# How much do schmidt modern lines weigh?



## 2002maniac (May 3, 2004)

Im thinking of buying some 15x8 monoblock wheels. I really dont want a heavy wheel screwing with my handling. How much do they weigh? Thanks


----------



## L33t A2 (Aug 5, 2003)

*Re: How much do schmidt modern lines weigh? (2002maniac)*

then look at a different wheel, they are heavy and i forget the exact weight


----------



## 2002maniac (May 3, 2004)

*Re: How much do schmidt modern lines weigh? (L33t A2 Jetta)*

that sucks, I really like em. Looks like im getting 15x8 kosei's instead.


----------



## grayfox (May 13, 2003)

*Re: How much do schmidt modern lines weigh? (2002maniac)*

what is the weigght im interested too


----------



## Sheep (Dec 21, 2000)

*Re: How much do schmidt modern lines weigh? (2002maniac)*

Schmidts are not light wheels.
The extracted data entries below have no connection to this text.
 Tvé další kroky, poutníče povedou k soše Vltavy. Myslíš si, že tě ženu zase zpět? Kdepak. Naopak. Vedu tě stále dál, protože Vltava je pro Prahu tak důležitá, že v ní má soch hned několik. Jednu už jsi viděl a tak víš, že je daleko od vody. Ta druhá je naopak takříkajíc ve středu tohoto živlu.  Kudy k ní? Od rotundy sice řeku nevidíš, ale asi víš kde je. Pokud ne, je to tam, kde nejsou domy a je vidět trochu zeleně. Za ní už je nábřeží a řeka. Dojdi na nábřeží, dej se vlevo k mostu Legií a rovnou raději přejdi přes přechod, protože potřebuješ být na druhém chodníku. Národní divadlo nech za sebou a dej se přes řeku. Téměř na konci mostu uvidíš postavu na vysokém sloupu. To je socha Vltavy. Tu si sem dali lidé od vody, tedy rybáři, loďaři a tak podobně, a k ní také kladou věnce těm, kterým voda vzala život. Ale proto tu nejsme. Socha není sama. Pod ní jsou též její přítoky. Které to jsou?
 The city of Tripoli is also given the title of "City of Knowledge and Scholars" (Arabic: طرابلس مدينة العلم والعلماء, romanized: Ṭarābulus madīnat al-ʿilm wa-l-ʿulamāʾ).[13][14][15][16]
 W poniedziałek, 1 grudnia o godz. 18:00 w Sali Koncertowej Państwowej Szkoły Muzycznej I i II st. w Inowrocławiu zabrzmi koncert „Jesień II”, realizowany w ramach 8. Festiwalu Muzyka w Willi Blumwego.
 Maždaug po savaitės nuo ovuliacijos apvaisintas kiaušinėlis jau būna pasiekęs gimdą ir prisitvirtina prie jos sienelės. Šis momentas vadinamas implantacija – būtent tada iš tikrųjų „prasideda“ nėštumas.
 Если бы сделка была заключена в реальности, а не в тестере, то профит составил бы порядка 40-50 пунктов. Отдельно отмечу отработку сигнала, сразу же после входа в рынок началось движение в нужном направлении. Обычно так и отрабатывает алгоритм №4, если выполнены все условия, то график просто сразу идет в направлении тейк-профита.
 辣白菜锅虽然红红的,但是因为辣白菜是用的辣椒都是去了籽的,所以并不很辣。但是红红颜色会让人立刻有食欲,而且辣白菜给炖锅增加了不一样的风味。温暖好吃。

I've checked their catalog and found 15x8 Mod lines to be 8.8kg... mult by 2.2lb and weight comes in a bit over 18lb... much lighter than I expected.
You can check this out by downloading Schmidt catalog into PDF file (large).
Schmidt site is: http://www.german-wheels.com
Wheel weights for aftermarket wheels.....
http://www.audiworld.com/tech/wheel22.shtml


_Modified by Sheep at 10:26 PM 2-2-2005_


----------